Когда подошло дело к итогам сезона, то между Э. Бескиным и Н. Поповым произошла чрезвычайно важная полемика по вопросу о значении А. П. Ленского и А. И. Южина в жизни Малого театра. Сезон 1910 – 1911 был вторым сезоном, прошедшим под управлением нового директора А. И. Южина. Южину Бескин посвятил в «Театре и Искусстве» статью, где писал:

Южин принял Малый театр в минуты тяжелого кризиса, в те минуты, когда дом Островского «стоял на перепутьи», когда старик Ленский, золотое имя Малого театра, тогда заведующий репертуаром, стал, что называется, сдавать. Стал слушать чьи-то нашептывания о «новом искусстве», о «новом театре», «эре Художественного театра». Конечно, сам Ленский был далек от всех гримас и кривляний, совокупность которых называли новым искусством. Он знал одно искусство, вечно новое и вечно молодое — искусство актера, искусство таланта. Но это было время, тяжелое время модернистского засилия, когда театру диктовали свою эстетику Андреи Белые, Блоки и друг., когда покойная Комиссаржевская считала театром «Балаганчик», когда верховным жрецом нового театра был Мейерхольд, когда велели тушить рампы и зажигать факелы, публике плясать хоровод, а актеру убраться со сцены и дать место режиссеру и марионеткам. О театре марионеток, как о грядущей эволюции театра, говорили серьезно и в «Балаганчике» даже видели шаг в сторону такого театра. Долой быт, долой актера — таковы были лозунги театра по «Шиповнику». Вот она теперь стоит спокойно на полке, эта бредоносная, нездоровая, отвратительная книга, и какой ужас подумать, что еще несколько лет тому назад прислушивались к ней, считались с ней. Это — книга-убийца, и в числе ее жертв я назову такое большое имя, как Комиссаржевская.

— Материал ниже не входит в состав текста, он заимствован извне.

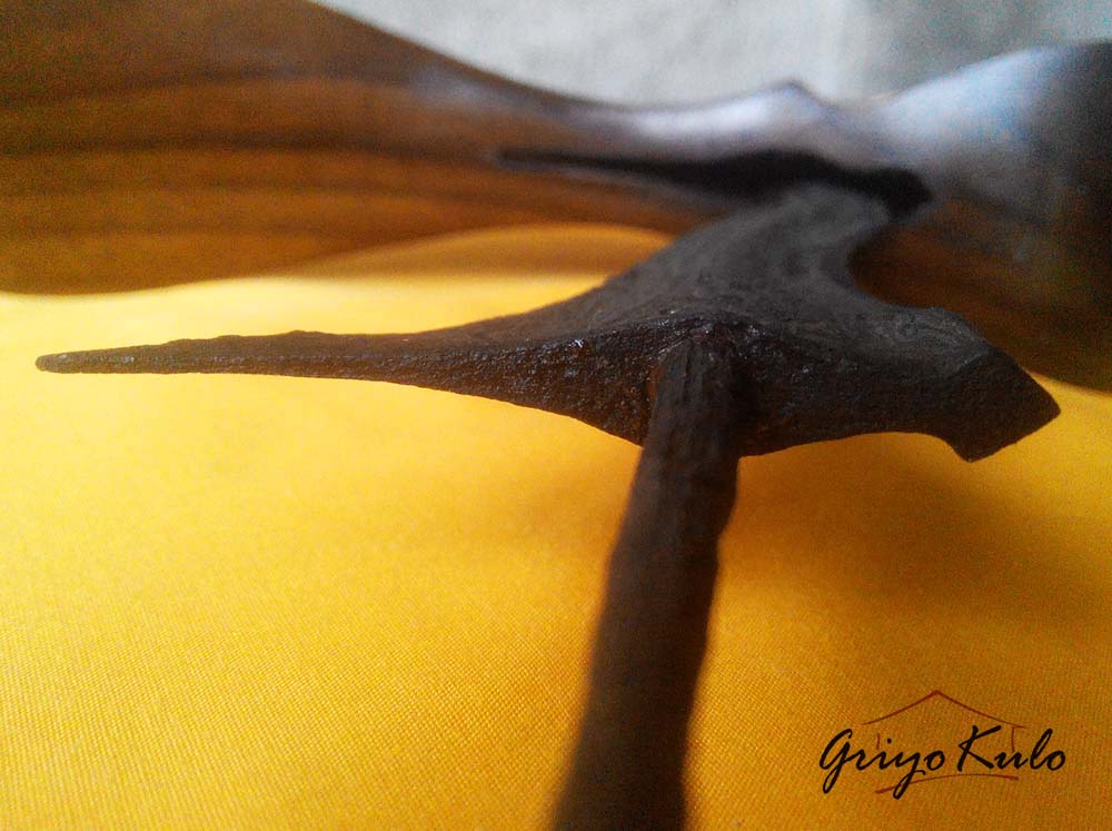 Tidak hanya bagian pesi yang unik (berbentuk gapit wayang), jika diperhatikan secara seksama pada bagian pamornya pun menampilkan guratan-guratan yang berbeda. Meski sudah tidak terlalu kontras, namun sesekali dasaran pamor miring tampak berpadu dengan pamor mlumah di beberapa area. Bentuk semacam ini di masyarakat perkerisan ada yang menyebutnya sebagai pamor golang-goling (pamor miring ditimpa pamor mlumah). Pamor golang-goling oleh sebagian orang termasuk digemari, karna dipercaya bukan buatan sembarang empu, sehingga diyakini masuk dalam duwung tataran pusaka. Di katalog Griyokulo sendiri, seingat penulis baru dua kali menghadirkan pusaka dengan model pesi gapit (sebelumnya di tahun 2016, bisa dibaca disini).

В противоположность «ошибкам» Ленского, Бескин превозносил твердый курс Южина, его победу — большого, вдумчивого, интеллигентного ума. «В отлетевшем сезоне, как и в предыдущем, со всей строгостью проводился принцип здорового реалистического театра — театра актера, театра артистической индивидуальности. Решительно порвав с режиссерщиной, как с самоцелью, Южин дал дорогу тому нутру, тому темпераменту, о котором говорили в последние годы чуть ли не с презрением».

Н. А. Попов, бывший режиссером Малого театра при А. П. Ленском, письмом в редакцию отвечал Бескину. Мы не будем приводить подробности, лишь дадим основную выдержку письма:

Ленский, этот старик, стоявший на пороге гениальности и обладавший тем, что так дорого в каждом художнике — юношеской чуткостью и истинно юношескою любовью к искусству… С этим он и сошел в могилу. Никакие «книги», никакие «гримасы» и «кувыркания» не могли бы увлекать его только потому, что кто-то мог ему о них «нашептывать», да никакими «кувырканиями» на моей памяти он и не увлекался; но, желая уйти от рутины, он в период своего управления Малым театром проводил в жизнь те формы искусства, которые сам считал достойными своего имени.

И дальше Попов указывал — и справедливо, что «художественный уровень Малого театра за последние два сезона нисколько не повысился, увеличились лишь сборы».

Мы привели эту полемику, так как она очень ясно очерчивает разницу между Южиным и Ленским, как руководителями Малого театра. Даже в неодобрительной расценке Бескина А. П. Ленский остается выдающимся представителем нового театрального искусства. К словам же Попова о художественном уровне Малого театра можно добавить лишь репертуар Малого театра за сезон 1910 – 1911. В этом году из новинок отечественной драматургии шли: «Жулик» Потапенко, «Поле брани» Колышко, «Перед зарей» Гнедича, «Светлая личность» Карпова, из переводных «Каштелянский мед» Крашевского, «Любовь все» Седерберга. Вот курс и репертуар, который противопоставлялся Э. М. Бескиным, как подлинный театр, — исканиям покойного А. П. Ленского.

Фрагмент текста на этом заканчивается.